AR 14576 (Archival Research)

Thu Jul 18 13:56:17 GMT 2024

Principal Investigator: Luke Moore
PI Institution: Boston University
Investigators (xml)

Title: Variability of Jupiter's main auroral emission and satellite footprints
Cycle: 24

Jupiter's UV auroral emissions are the brightest in the solar system. They include the main auroral emission, which is associated with a system of corotation enforcement currents, and patches of bright emission called the satellite footprints because they occur at the ionospheric end of field lines linked to Jupiter's moons Io, Europa, and Ganymede. Because the footprints' ionospheric positions are linked to a fixed radial distance in the magnetosphere, changes in the satellite footprint locations are likely due to changes in Jupiter's magnetospheric field configuration.
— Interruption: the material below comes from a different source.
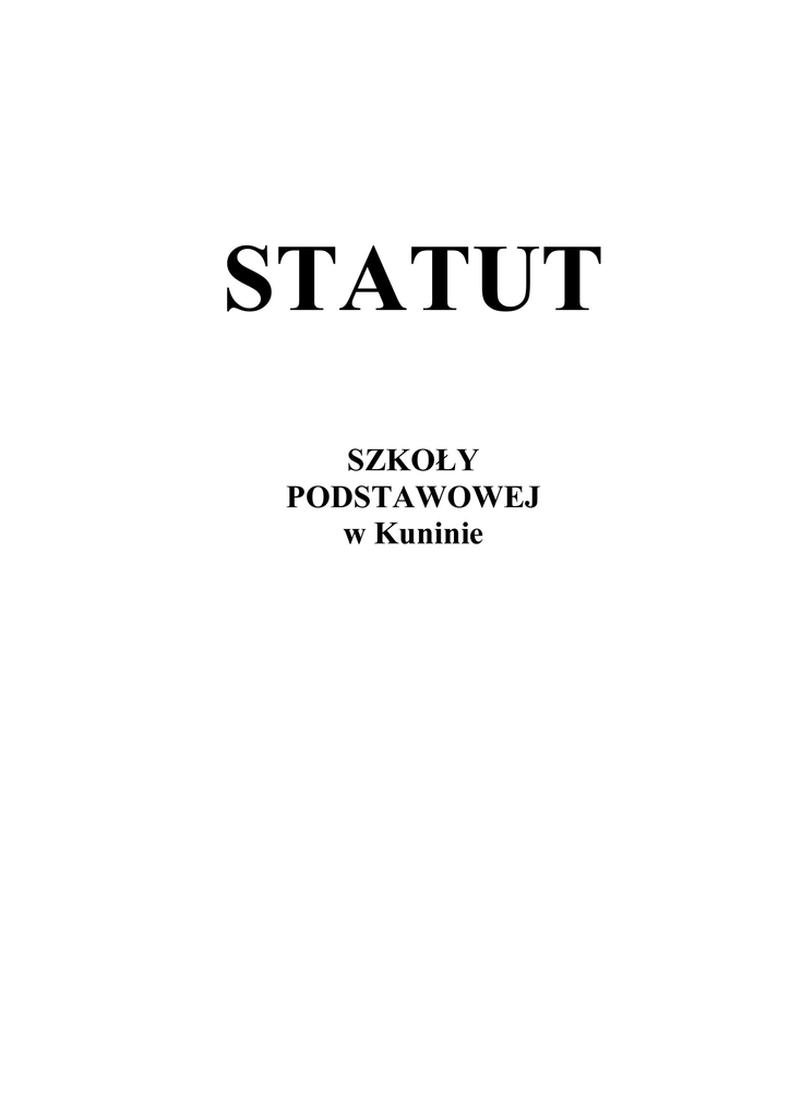 STATUT SZKOŁY PODSTAWOWEJ w Kuninie WSTĘP Statut jest zgodny z: Konstytucją Rzeczpospolitej Polski z dnia 2 kwietnia 1997 r. ( Dz. U. Nr 78, poz. 483 ) Ustawą o Systemie Oświaty z dnia 7 września 1991 r. ( Dz. U. z 2004 r. Nr 256, poz. 2572 z późn. zm.) Ustawą Karty Nauczyciela z dnia 26 stycznia 1982 r. (Dz. U. z 2006 r Nr 97, poz. 674 z późn. zm.) Powszechną Deklaracją Praw Człowieka i Obywatela z dnia 29 czerwca 1972 r. Konwencją o Prawach Dziecka przyjętą przez Zgromadzenie Ogólne Narodów Zjednoczonych dnia 20 listopada 1989r. ( Dz. U. Z 1991 r. Nr 120, poz. 526) Rozporządzeniem Ministra Edukacji Narodowej i Sportu z dnia 21 maja 2001r. w sprawie ramowych statutów publicznego przedszkola oraz publicznych szkół ( Dz. U. z 2001r. Nr 61, poz. 624 z późn. zm.) Rozporządzeniem Ministra Edukacji Narodowej z dnia 9 lutego 2007r. zmieniającym rozporządzenie w sprawie ramowych statutów publicznego przedszkola oraz szkół publicznych (Dz. U. z dnia 27 lutego 2007r. Nr 35, poz. 222 z późn. zm.) 1 NAZWA SZKOŁY § 1.1. Szkoła Podstawowa w Kuninie 2.Organem prowadzącym szkołę jest Gmina Goworowo. Nadzór pedagogiczny nad szkołą sprawuje Mazowiecki Kurator Oświaty. 3.Siedzibą szkoły jest państwowy budynek w Kuninie. § 2. Na pieczęciach ustalona nazwa jest używana przez szkołę w pełnym brzmieniu. INNE INFORMACJE O SZKOLE § 3.1.Nauka w szkole jest obowiązkowa. 2.Czas trwania cyklu kształcenia wynosi 6 lat zgodnie z przepisami w sprawie ramowych planów nauczania. 3.Świadectwo ukończenia szkoły uprawnia do kontynuowania nauki gimnazjum. CELE I ZADANIA SZKOŁY § 4.1. Szkoła oraz poszczególni nauczyciele podejmują działania mające na celu zindywidualizowane wspomaganie rozwoju każdego ucznia, stosownie do jego potrzeb i możliwości. Uczniom z niepełnosprawnościami, w tym uczniom z upośledzeniem umysłowym w stopniu lekkim, nauczanie dostosowuje się ponadto do ich możliwości psychofizycznych oraz tempa uczenia się. Szkoła realizuje cele i zadania wynikające z przepisów prawa oraz uwzględniające program wychowawczy szkoły i program profilaktyki dostosowany do potrzeb rozwojowych uczniów oraz potrzeb danego środowiska, a w szczególności: - umożliwia zdobycie wiedzy i umiejętności niezbędnych do uzyskania świadectwa ukończenia szkoły; - umożliwia absolwentom podjęcie nauki w gimnazjum; - kształtuje środowisko wychowawcze sprzyjające realizowaniu celów i zasad określonych w ustawie stosownie do warunków szkoły i wieku uczniów; - sprawuje opiekę nad uczniami odpowiednio do ich potrzeb oraz możliwości szkoły; - określa szczegółowe zasady oceniania w szkole, które są załącznikiem do statutu. 2.Program wychowawczy szkoły i program profilaktyki uchwala Rada Pedagogiczna i Rada Rodziców. Program wychowawczy i program profilaktyki są załącznikami do statutu. 2 § 5.1. Zadaniem szkoły jest: 1) realizowanie programu nauczania skoncentrowanego na dziecku, na jego indywidualnym tempie rozwoju i możliwościach uczenia się; 2) respektowanie trójpodmiotowości oddziaływań wychowawczych i kształcących: uczeń- szkoła- dom rodzinny; 3) rozwijanie predyspozycji i zdolności poznawczych dziecka; 4) kształtowanie u dziecka pozytywnego stosunku do nauki oraz rozwijanie ciekawości w poznawaniu otaczającego świata i w dążeniu do prawdy; 5) poszanowanie godności dziecka; zapewnienie dziecku przyjaznych, bezpiecznych i zdrowych warunków do nauki i zabawy, działania indywidualnego i zespołowego, rozwijania samodzielności oraz odpowiedzialności za siebie i najbliższe otoczenie, ekspresji plastycznej, muzycznej i ruchowej, aktywności badawczej, a także działalności twórczej; 6) wyposażenie dziecka w umiejętność czytania i pisania, w wiadomości i sprawności matematyczne potrzebne w sytuacjach życiowych i szkolnych oraz przy rozwiązywaniu problemów; 7) dbałość o to, aby dziecko mogło nabywać wiedzę i umiejętności potrzebne do rozumienia świata, w tym zagwarantowanie mu dostępu do różnych źródeł informacji i możliwości korzystania z nich; 8) sprzyjanie rozwojowi cech osobowości dziecka koniecznych do aktywnego i etycznego uczestnictwa w życiu społecznym. Kształcenie i wychowanie ma na celu: - wpajanie miłości do Ojczyzny, - wpajanie do poszanowania Konstytucji Rzeczypospolitej Polskiej, godła i symboli narodowych, - poznawanie przeszłości i teraźniejszości kraju, - budzenie szacunku dla postępowych tradycji narodu polskiego i jego kultury, literatury i języka przy jednoczesnym otwarciu się na wartości kultur Europy i świata, - przygotowanie uczniów do współuczestnictwa w życiu kraju, - kształtowanie odpowiedzialności za jego losy i pomyślną przyszłość, - wdrażanie do myślenia w kategoriach nierozerwalności interesów państwa i narodu, - poszanowanie prawa i konieczności umacniania państwa jako organizatora życia narodu, - wychowanie dla pokoju, - umożliwianie uczniom udziału w obchodach rocznic ważnych wydarzeń historycznych i państwowych, uroczystościach i imprezach szkolnych z zachowaniem ceremoniału szkoły, - kształtowanie poczucia tożsamości religijnej poprzez uczestnictwo uczniów w katechizacji w szkole zgodnie z wyznawaną religią i ich udział w obrzędach religijnych, 3 - kształtowanie umiejętności stosowania zasad współżycia społecznego, tolerancji, życzliwości, wrażliwości na sprawy innych, - przygotowanie do życia w społeczeństwie, rodzinie, - nabywanie umiejętności spełniania powinności wzorowego ucznia, dobrego kolegi, odpowiedzialnego członka rodziny, pracownika, wzorowego obywatela, - wychowanie przez pracę, ukazywanie jej wartości, kształtowanie szacunku do pracy i ludzi ją wykonujących, - przygotowanie do aktywnego i twórczego uczestnictwa w kulturze, - upowszechnianie dorobku kultury narodowej i światowej, - kształtowanie wrażliwości na piękno, - wzbogacanie doznań i potrzeb estet

Variability in the main emission location is more complicated by comparison because the main emission can be influenced both by the field configuration and by other factors related to the corotation enforcement current system. We propose to analyze HST images of Jupiter's UV aurora to quantify variability in the satellite footprint locations and main emission. Comparing the variability of these two features will establish the cause of shifts observed in Jupiter's main emission and will provide valuable constraints for models of Jovian magnetosphere-ionosphere coupling. This work is timely because it will provide a framework for the upcoming Juno mission, which will study Jupiter's polar regions. Our work builds upon previous studies of auroral variability but will be the first to focus on images from the Galileo era and make direct comparisons to magnetospheric variability observed in situ. This proposal supports the HST UV initiative and the proposed analysis was not included in the original GO proposals.